From: John Hubbard <jhubbard@nvidia.com>

Introduces put_user_page(), which simply calls put_page().
This provides a way to update all get_user_pages*() callers,
so that they call put_user_page(), instead of put_page().

Also introduces put_user_pages(), and a few dirty/locked variations,
as a replacement for release_pages(), and also as a replacement
for open-coded loops that release multiple pages.
These may be used for subsequent performance improvements,
via batching of pages to be released.

This is the first step of fixing a problem (also described in [1] and
[2]) with interactions between get_user_pages ("gup") and filesystems.

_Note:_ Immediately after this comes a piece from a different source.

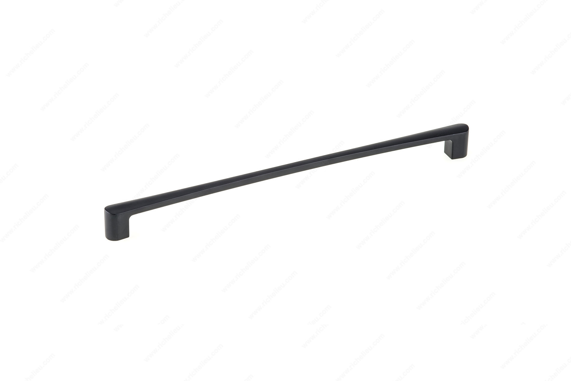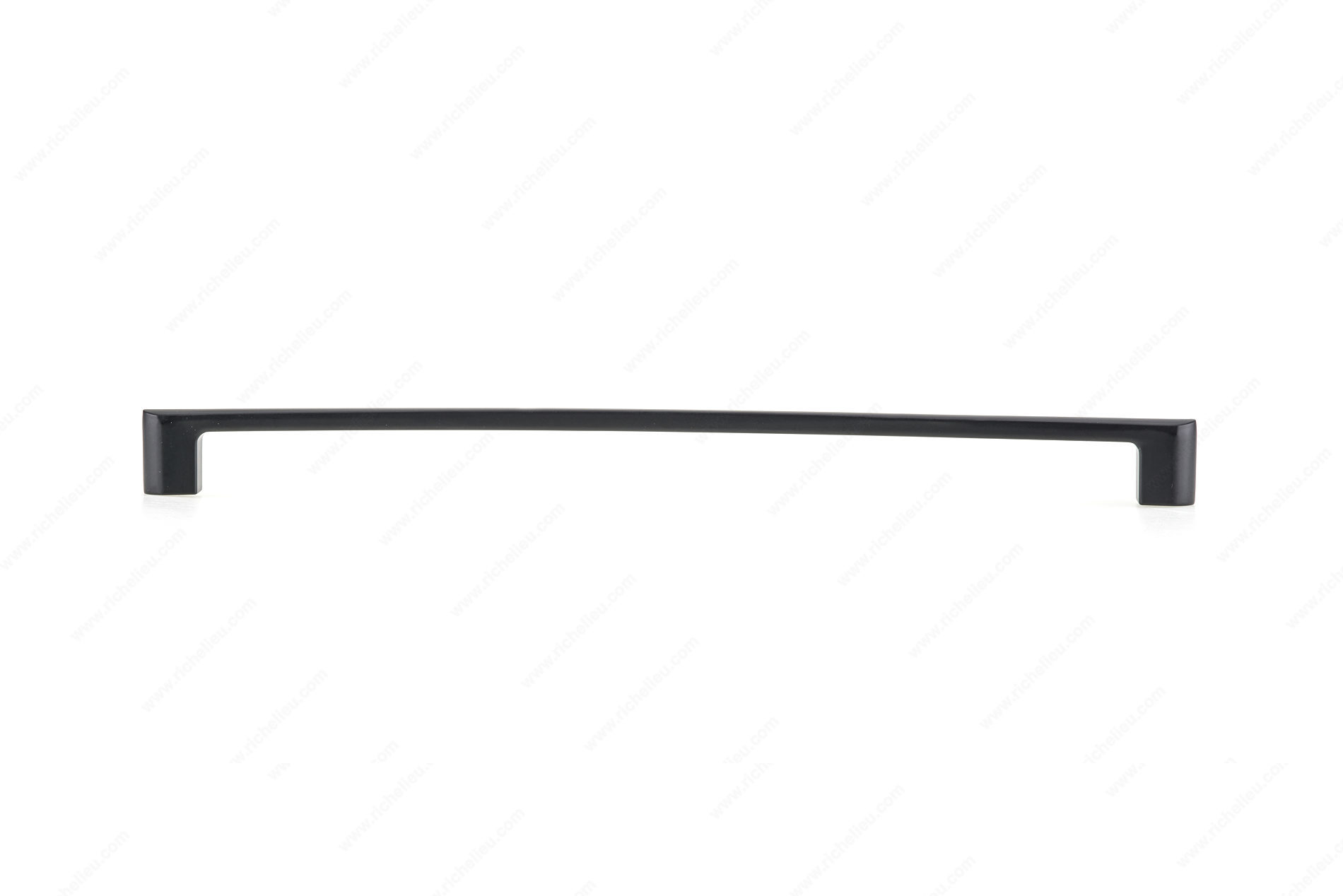 Richelieu BP7470320900 Modern Metal Pull - 7470 enhances the aesthetic of your cabinetry with its unique rounded and flared design. This pull is perfect for those looking to add a modern touch to drawer fronts and furniture, seamlessly blending functionality with style. Measuring 12 5/8 inches center to center, it offers a comfortable grip while maintaining a streamlined appearance. Crafted from durable zamak, this pull boasts a robust construction that ensures longevity and resilience. The matte black finish not only adds to its contemporary appeal but also resists fingerprints and smudges, keeping your hardware looking pristine. With overall dimensions of 13 1/4 inches in length, 9/32 inches in width, and a projection of 31/32 inches, it fits comfortably in various settings. The Richelieu BP7470320900 is designed for easy installation, coming with 8/32 inch screws included for your convenience. This pull is part of the complete 7470 collection, providing a cohesive look when used throughout your home. Ideal for kitchen remodels or furniture updates, this modern pull combines elegance and practicality, making it a valuable addition to any space.
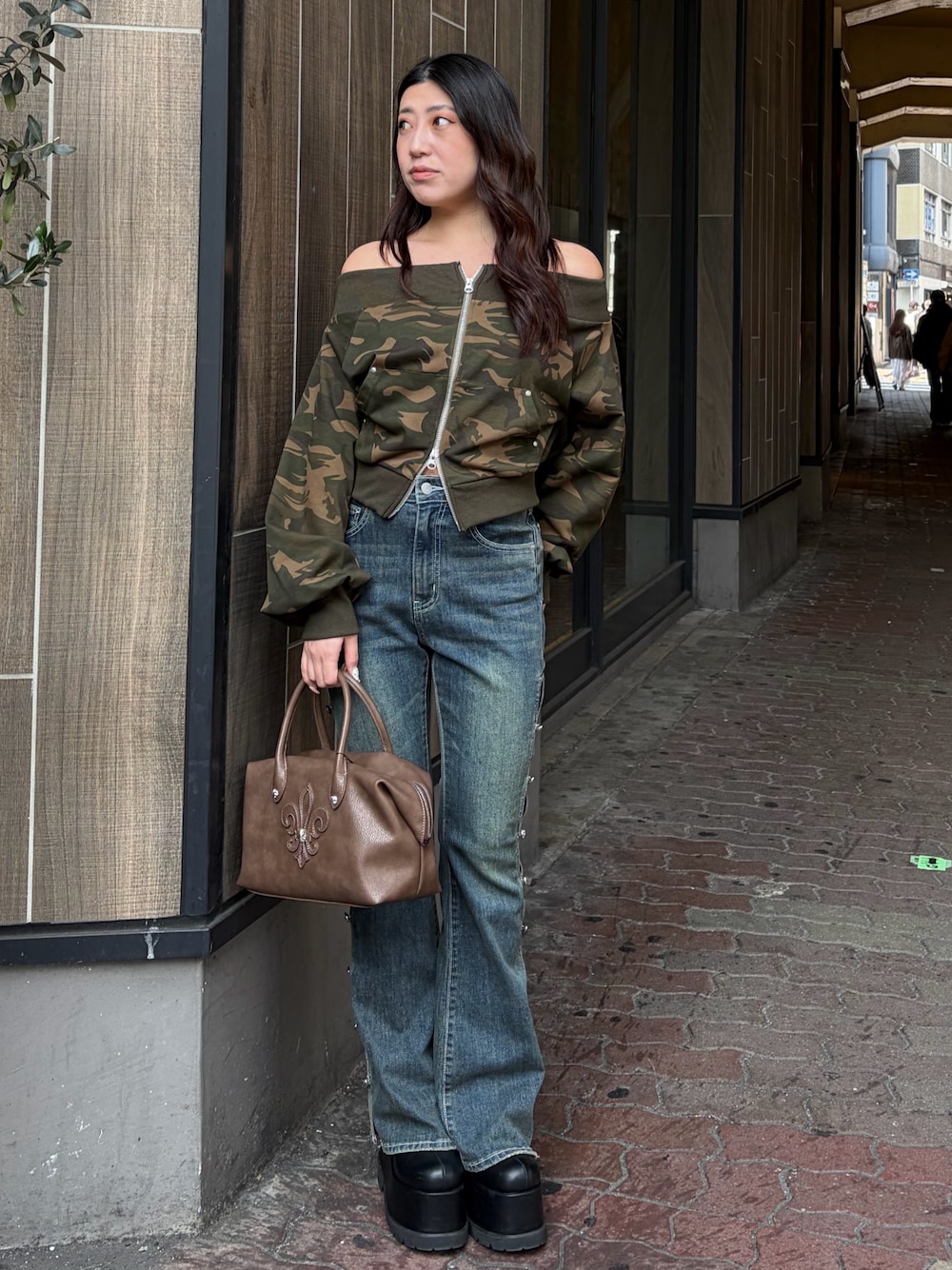 denim→シルエットがきれいなデニムで足が細見えします!生地感も柔らかくて履きやすいデニムです!ビジュのデザインも evrisらしくてかわいい! bag→大容量にはいるサイズで生地も柔らかくて上品な印象であわせれます! boots→足首にフィットするストレッチフェイクレザー素材を使用した厚 底ブーツです。人気の盛れブーツのショート丈で軽くて歩きやすい! 23cmでSサイズ。

Problem description: let's start with a bug report. Below, is what happens
sometimes, under memory pressure, when a driver pins some pages via gup,
and then marks those pages dirty, and releases them. Note that the gup
documentation actually recommends that pattern. The problem is that the
filesystem may do a writeback while the pages were gup-pinned, and then the
filesystem believes that the pages are clean. So, when the driver later
marks the pages as dirty, that conflicts with the filesystem's page
tracking and results in a BUG(), like this one that I experienced:

    kernel BUG at /build/linux-fQ94TU/linux-4.4.0/fs/ext4/inode.c:1899!
    backtrace:
        ext4_writepage
        __writepage
        write_cache_pages
        ext4_writepages
        do_writepages
        __writeback_single_inode
        writeback_sb_inodes
        __writeback_inodes_wb
        wb_writeback
        wb_workfn
        process_one_work
        worker_thread
        kthread
        ret_from_fork

...which is due to the file system asserting that there are still buffer
heads attached:

        ({                                                      \
                BUG_ON(!PagePrivate(page));                     \
                ((struct buffer_head *)page_private(page));     \
        })

Dave Chinner's description of this is very clear:

    "The fundamental issue is that ->page_mkwrite must be called on every
    write access to a clean file backed page, not just the first one.
    How long the GUP reference lasts is irrelevant, if the page is clean
    and you need to dirty it, you must call ->page_mkwrite before it is
    marked writeable and dirtied. Every. Time."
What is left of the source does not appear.